Tea Lindeburg‘s debut feature As In Heaven, is an adaption of the Marie Bregendahl’s 1914 Danish novel A Night of Death (En dødsnat). The novel focuses on three generations of women trying to bend the norms they are born into. This film focuses on one woman in particular, Lise (Flora Ofelia Hofmann Lindahl) is a bright-eyed girl blossoming into womanhood. It is the eve of her departure from home to a world of higher education. Her forward thinking mother has envisioned a different life for her daughter, apart from the pastoral confines of family and chores. Her almost absentee father, on the other hand, does not approve.


Lise’s mother is in the midst of a difficult pregnancy. House matriarch, Klog Sine (played by Kirsten Olesen), has had disturbing visions about the child and the birth. Therefore, a doctor will not be called for this occasion. Instead the women rely on instinct, superstition, and dreams. Lise dreams too, are wild and vivid, and possibly foretell a change. All of a sudden nothing is certain in a world full of questioning and tradition.

Lindeburg’s eye focuses on tightly on her characters’ faces, particularly Lise’s. The film is quiet and relies a lot on natural lighting (sunlight and candlelight), thus all of the action is the people that inhabit the lens.

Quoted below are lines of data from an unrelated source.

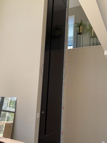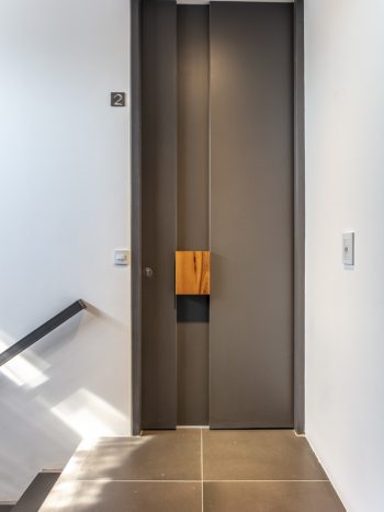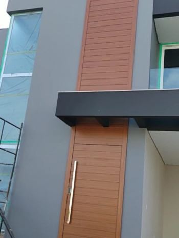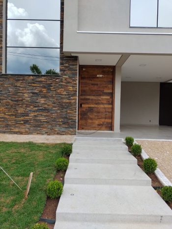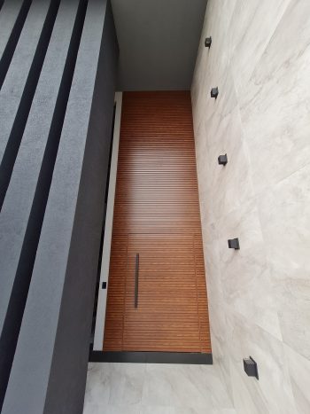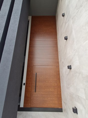 Porta pivotante em ACM amadeirado ripado na horizontal...
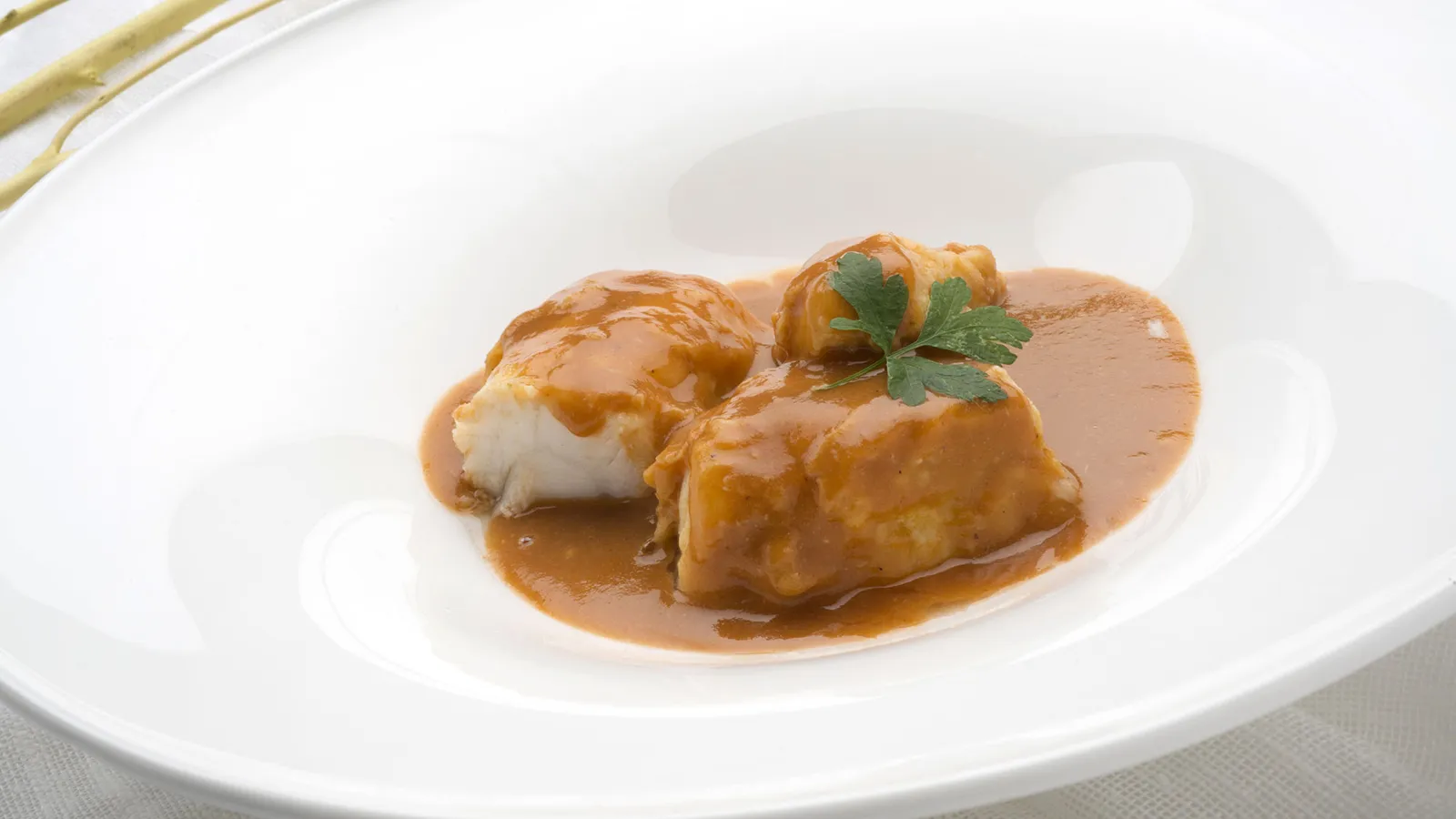 Sirve el rape a la americana y adorna con unas hojas de perejil.
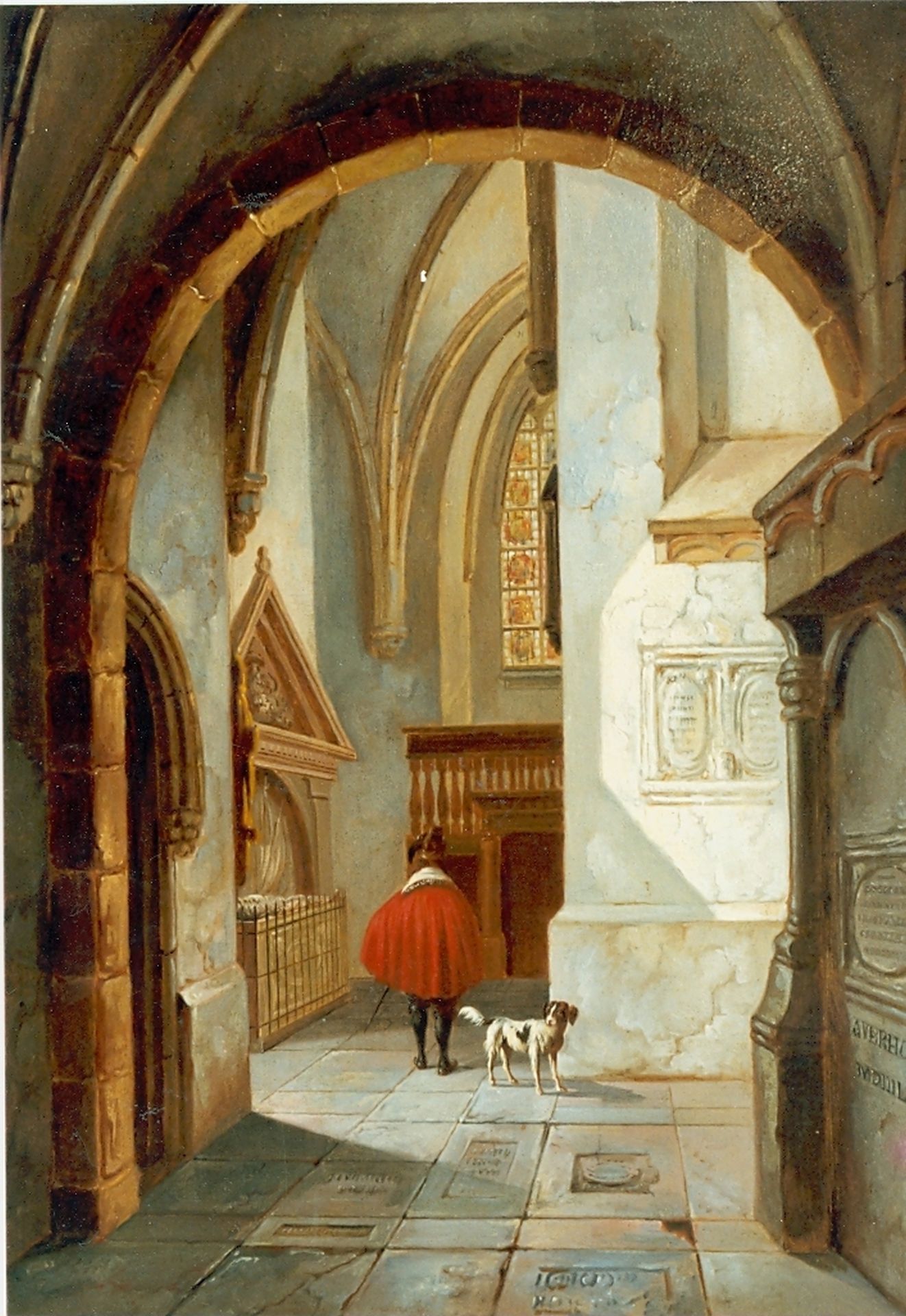 Albertus Verhoesen kunstwerk • schilderij • voorheen te koop Kerkinterieur met man en hond
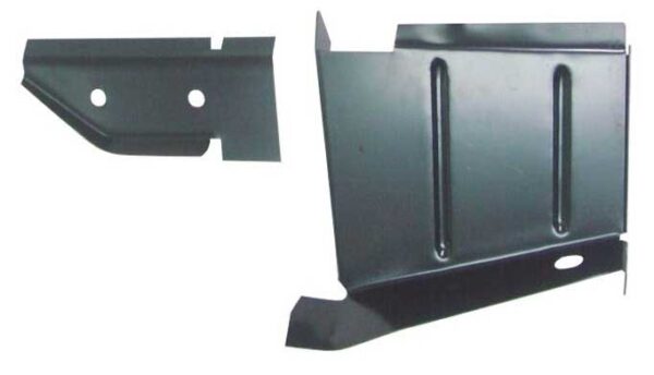 Fits between the front of the rocker panel and frame rail. Often, they rust since they mount directly behind the front tires and receive all the road splash.
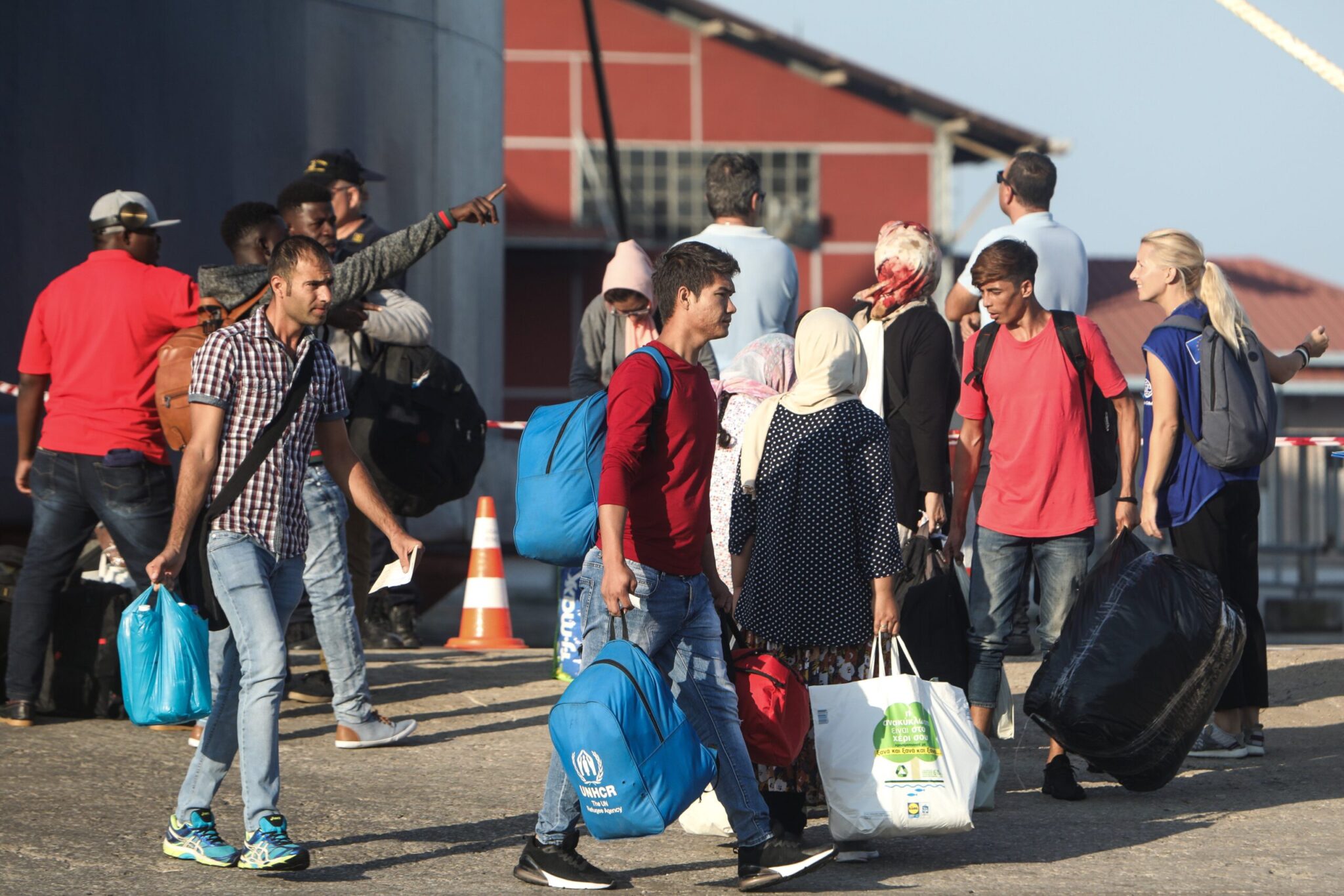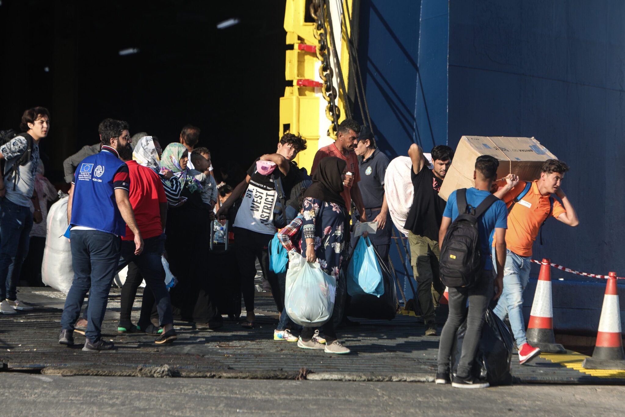 Η μετακίνηση από το λιμάνι της Θεσσαλονίκης στις δομές φιλοξενίας πραγματοποιείται σε συνεργασία με τον Διεθνή Οργανισμό Μετανάστευσης.

Actress Flora Ofelia Hofmann Lindahl’s portrayal of Lise, renders the character raw and vulnerable. What woman hasn’t had to adjust her future to the benefit and survival of her family? Lindahl’s eyes and demeanor paint Lise’s emotions vividly. Lindahl’s talent is a good anchor to this lushly textured film.


Cinematographer Marcel Zyskind infuses the screen with colour among a sepia old world setting. I would have liked to see more glimpses of Lise’s inner world this way. What we are shown is magical and beautiful, even in its dread. The sounds of the film are a background combination of nature noises, (birds, wind, the buzz of a bee), and an ethereal Kristian Leth soundtrack. This is a benefit to Lindeburg’s poetic interpretation of Lise’s circumstances. While Lise pines for a world beyond, she is conflicted about the one she lives in, but understands her situations. Will she wither? Will she grow?


As in Heaven is a good piece about transitions and the sacrifices that women must still unjustly make for in their search for a life beyond survival.